I guess I thought it was “Every branch that does not bear fruit he takes away, and every branch that does bear fruit is good. He lets them do their thing because you know, fruit is fruit. I’m going keto anyway.”

I hope you liked the JSV version. But seriously, I only recently noticed that even the branches that DO bear fruit still have to get pruned. I feel that as Christians we get caught up in the idea that just as long as we aren’t cheating on our spouse, lying to our family, or murdering anyone that everything we do is amazing. Let me clarify, I do believe God works through his people. But, one of the ways he works through us is by pruning even some of the things we see as “good” to make way for his “great”.

Like for me, God is showing me the ideas that I had (that I thought were the most important parts of me and my identity) were false and replacing them with the truth that is Jesus.

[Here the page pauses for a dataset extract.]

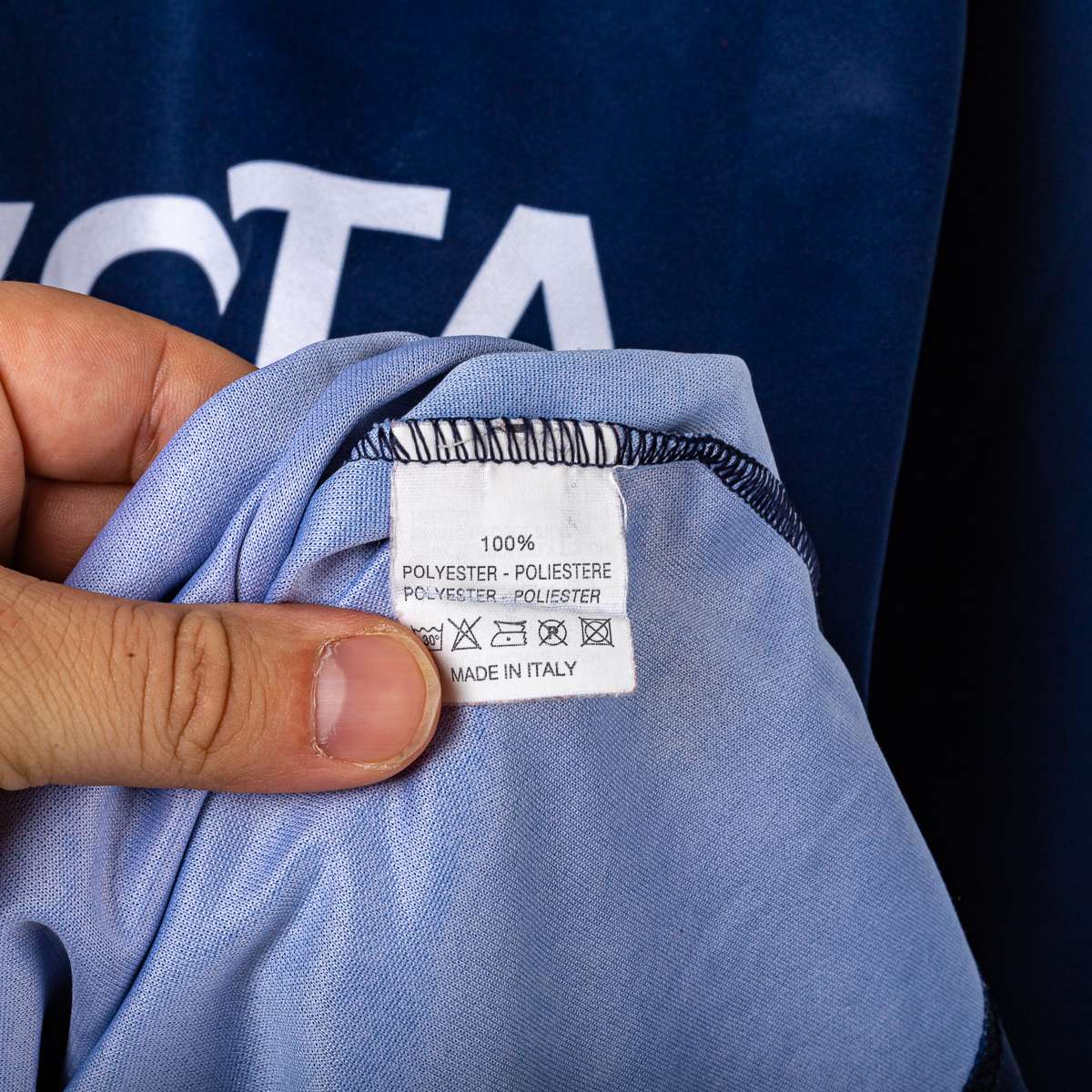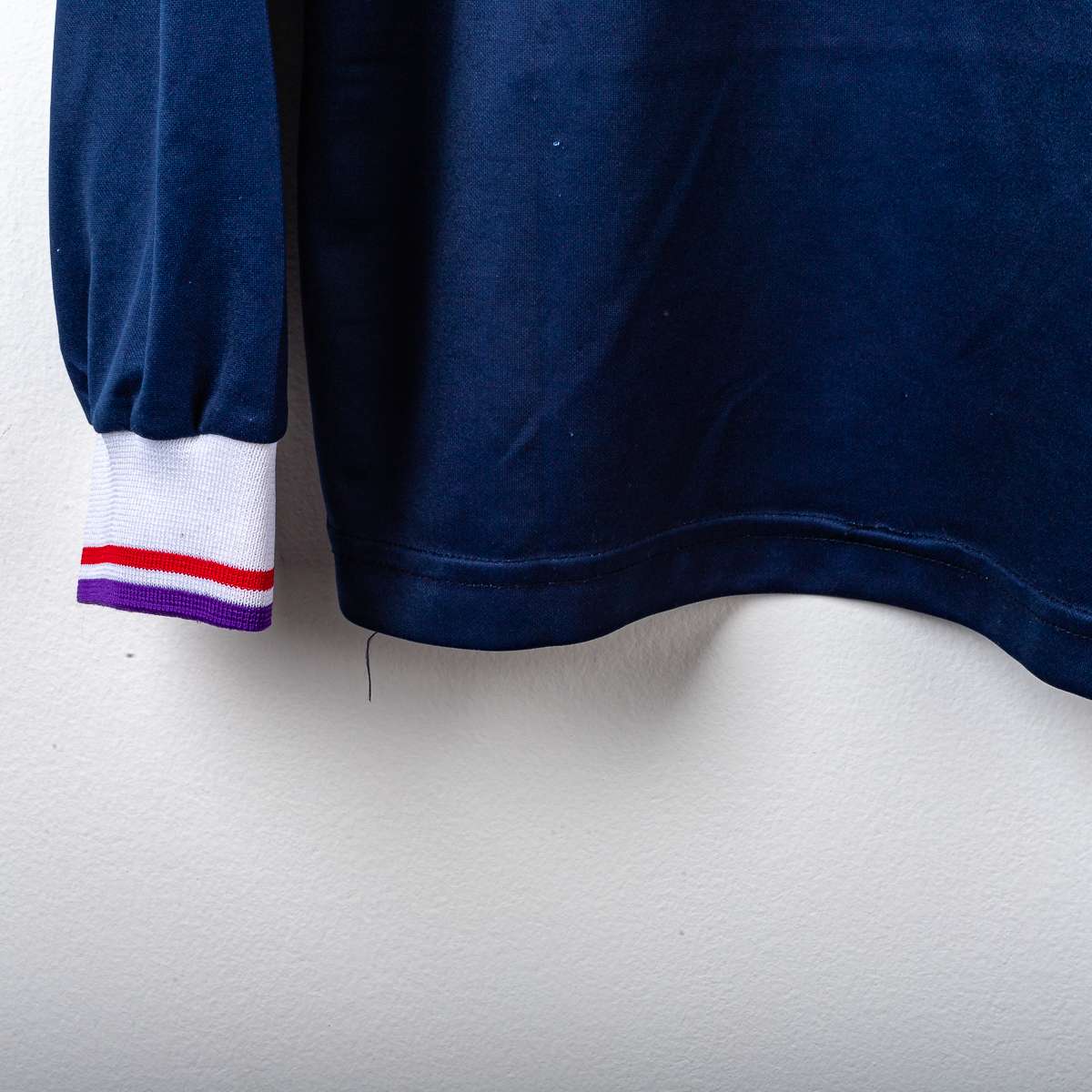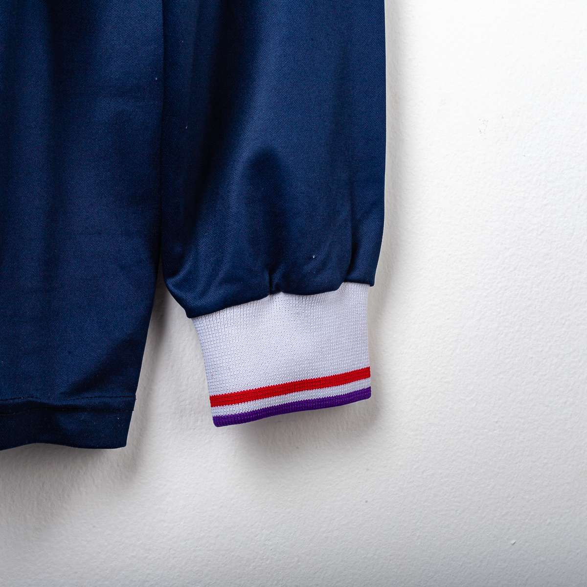 ACF Fiorentina training jersey from the 2001/2002 season, produced by Mizuno. Long-sleeved model made of 100% polyester technical fabric in navy blue, lightweight and breathable, designed for training. Crew neck with contrasting white, red, and purple trim; matching elastic cuffs. Mizuno logo printed on the right chest and repeated on the sleeves. ACF Fiorentina logo sewn on the left chest. Toyota sponsor printed centrally on the front and back. Regular fit, 2000s-style, clean and minimalist design typical of training apparel of the time. Internal label with details of the composition and production. Made in Italy.

He’s showing me that even some of the things I considered “good” about myself can become bad when I allow my identity to become consumed with them. And as much as I’d like to talk about all my spiritual baggage/convictions/good fruit that needs to be pruned to allow more fruit to grow, that is a whole nother blog post that I would like to share with y’all, but not quite yet.

So with all of that being said, God is working in you. Sometimes you don’t understand what he is doing. Sometimes all we see are the kitchen shears and staples and we forget what could happen if we don’t get rid of the rotted limbs or if we don’t put our heads back together. Pruning can be awkward, uncomfortable, and sometimes even painful, but there is a reason for the pain. Our Father does not want us to get by and sit on the patio surviving off water from 3 weeks prior. He wants us to live and thrive and do great things in his name.